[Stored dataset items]
::::::::

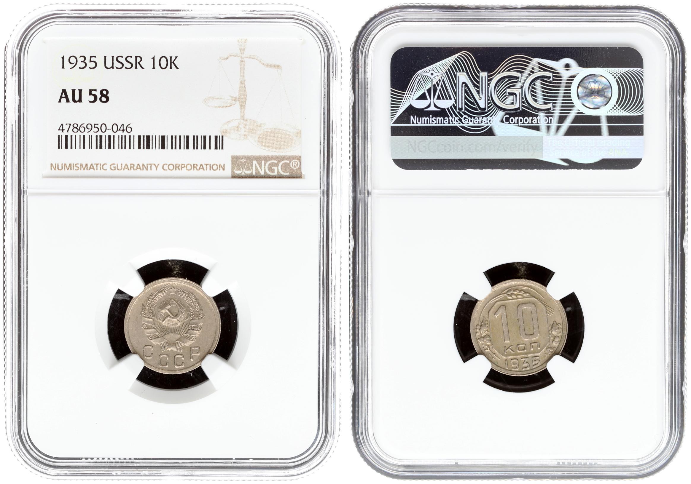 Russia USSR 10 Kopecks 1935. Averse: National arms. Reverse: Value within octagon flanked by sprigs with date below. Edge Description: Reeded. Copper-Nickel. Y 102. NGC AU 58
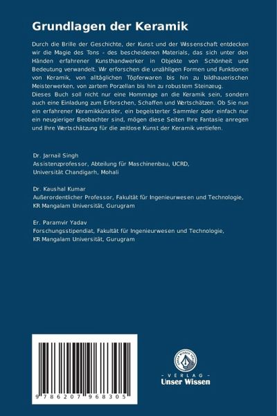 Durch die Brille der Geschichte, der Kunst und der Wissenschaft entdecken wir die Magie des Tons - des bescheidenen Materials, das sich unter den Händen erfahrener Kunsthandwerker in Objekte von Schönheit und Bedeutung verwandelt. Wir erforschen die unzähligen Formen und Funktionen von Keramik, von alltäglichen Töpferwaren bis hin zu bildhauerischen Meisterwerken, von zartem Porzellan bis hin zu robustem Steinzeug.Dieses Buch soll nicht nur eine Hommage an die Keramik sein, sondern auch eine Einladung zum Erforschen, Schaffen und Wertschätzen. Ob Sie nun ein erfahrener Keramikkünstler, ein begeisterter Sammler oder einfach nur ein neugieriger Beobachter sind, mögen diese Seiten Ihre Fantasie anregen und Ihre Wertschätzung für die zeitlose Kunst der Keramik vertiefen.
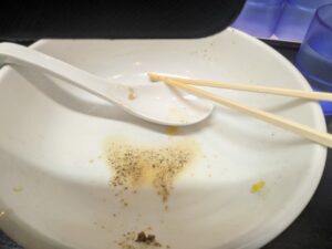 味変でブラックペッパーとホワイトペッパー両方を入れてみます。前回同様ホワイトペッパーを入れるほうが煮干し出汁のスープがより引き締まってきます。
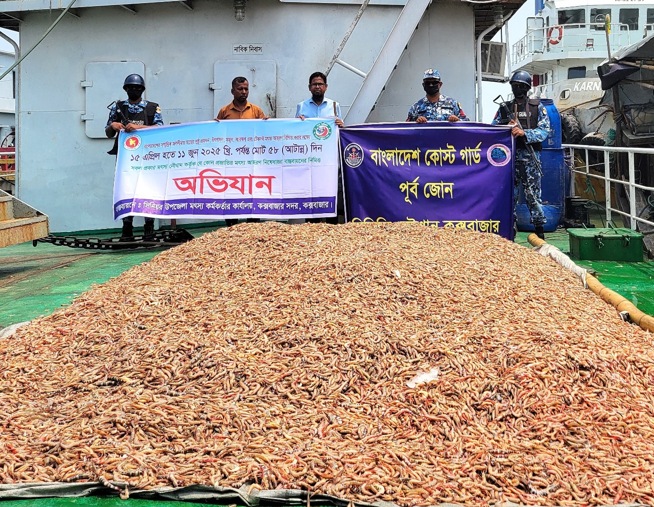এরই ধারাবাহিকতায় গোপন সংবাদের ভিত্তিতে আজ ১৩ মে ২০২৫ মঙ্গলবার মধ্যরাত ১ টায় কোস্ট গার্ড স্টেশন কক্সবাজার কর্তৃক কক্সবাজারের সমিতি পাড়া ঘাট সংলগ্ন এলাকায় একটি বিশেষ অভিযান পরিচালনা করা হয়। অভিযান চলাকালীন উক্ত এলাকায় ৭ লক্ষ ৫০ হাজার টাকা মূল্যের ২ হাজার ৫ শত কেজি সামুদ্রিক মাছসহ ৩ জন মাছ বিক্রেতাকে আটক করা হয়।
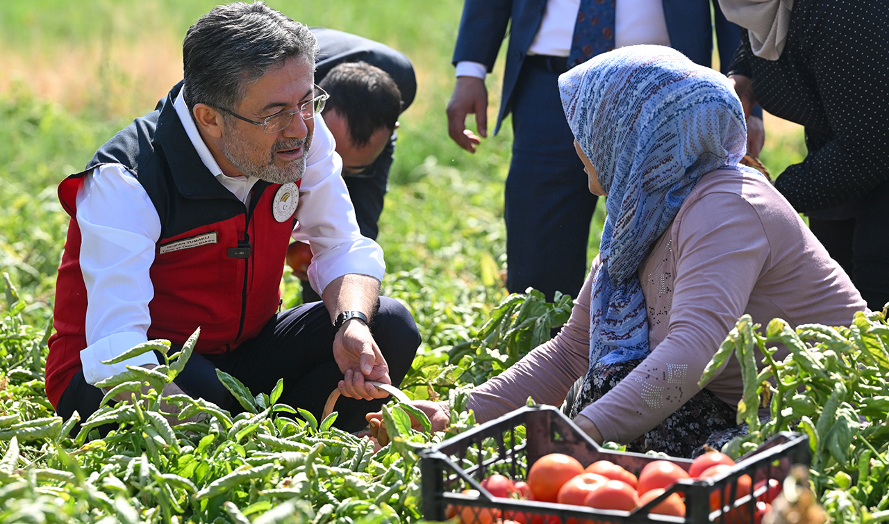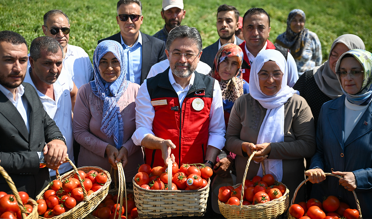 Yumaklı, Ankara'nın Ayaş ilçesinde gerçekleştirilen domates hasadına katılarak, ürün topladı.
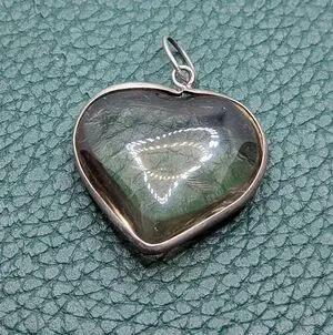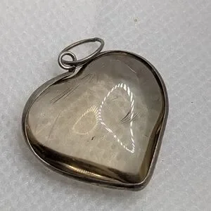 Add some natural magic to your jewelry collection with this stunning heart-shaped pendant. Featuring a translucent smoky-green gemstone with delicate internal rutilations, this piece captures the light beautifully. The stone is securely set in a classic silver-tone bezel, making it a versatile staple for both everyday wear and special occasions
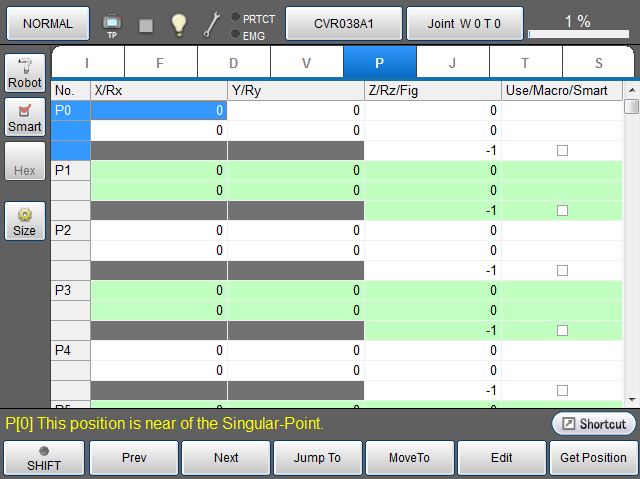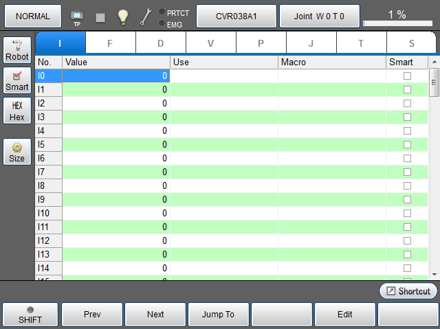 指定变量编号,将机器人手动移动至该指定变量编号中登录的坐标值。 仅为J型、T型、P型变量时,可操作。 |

::::::::

Problem details: With the pictures excluded, the records are to be reproduced exactly.

Answer area:
 Russia USSR 10 Kopecks 1935. Averse: National arms. Reverse: Value within octagon flanked by sprigs with date below. Edge Description: Reeded. Copper-Nickel. Y 102. NGC AU 58
 Durch die Brille der Geschichte, der Kunst und der Wissenschaft entdecken wir die Magie des Tons - des bescheidenen Materials, das sich unter den Händen erfahrener Kunsthandwerker in Objekte von Schönheit und Bedeutung verwandelt. Wir erforschen die unzähligen Formen und Funktionen von Keramik, von alltäglichen Töpferwaren bis hin zu bildhauerischen Meisterwerken, von zartem Porzellan bis hin zu robustem Steinzeug.Dieses Buch soll nicht nur eine Hommage an die Keramik sein, sondern auch eine Einladung zum Erforschen, Schaffen und Wertschätzen. Ob Sie nun ein erfahrener Keramikkünstler, ein begeisterter Sammler oder einfach nur ein neugieriger Beobachter sind, mögen diese Seiten Ihre Fantasie anregen und Ihre Wertschätzung für die zeitlose Kunst der Keramik vertiefen.
 味変でブラックペッパーとホワイトペッパー両方を入れてみます。前回同様ホワイトペッパーを入れるほうが煮干し出汁のスープがより引き締まってきます。
এরই ধারাবাহিকতায় গোপন সংবাদের ভিত্তিতে আজ ১৩ মে ২০২৫ মঙ্গলবার মধ্যরাত ১ টায় কোস্ট গার্ড স্টেশন কক্সবাজার কর্তৃক কক্সবাজারের সমিতি পাড়া ঘাট সংলগ্ন এলাকায় একটি বিশেষ অভিযান পরিচালনা করা হয়। অভিযান চলাকালীন উক্ত এলাকায় ৭ লক্ষ ৫০ হাজার টাকা মূল্যের ২ হাজার ৫ শত কেজি সামুদ্রিক মাছসহ ৩ জন মাছ বিক্রেতাকে আটক করা হয়।
 Yumaklı, Ankara'nın Ayaş ilçesinde gerçekleştirilen domates hasadına katılarak, ürün topladı.
 Add some natural magic to your jewelry collection with this stunning heart-shaped pendant. Featuring a translucent smoky-green gemstone with delicate internal rutilations, this piece captures the light beautifully. The stone is securely set in a classic silver-tone bezel, making it a versatile staple for both everyday wear and special occasions
 指定变量编号,将机器人手动移动至该指定变量编号中登录的坐标值。 仅为J型、T型、P型变量时,可操作。 |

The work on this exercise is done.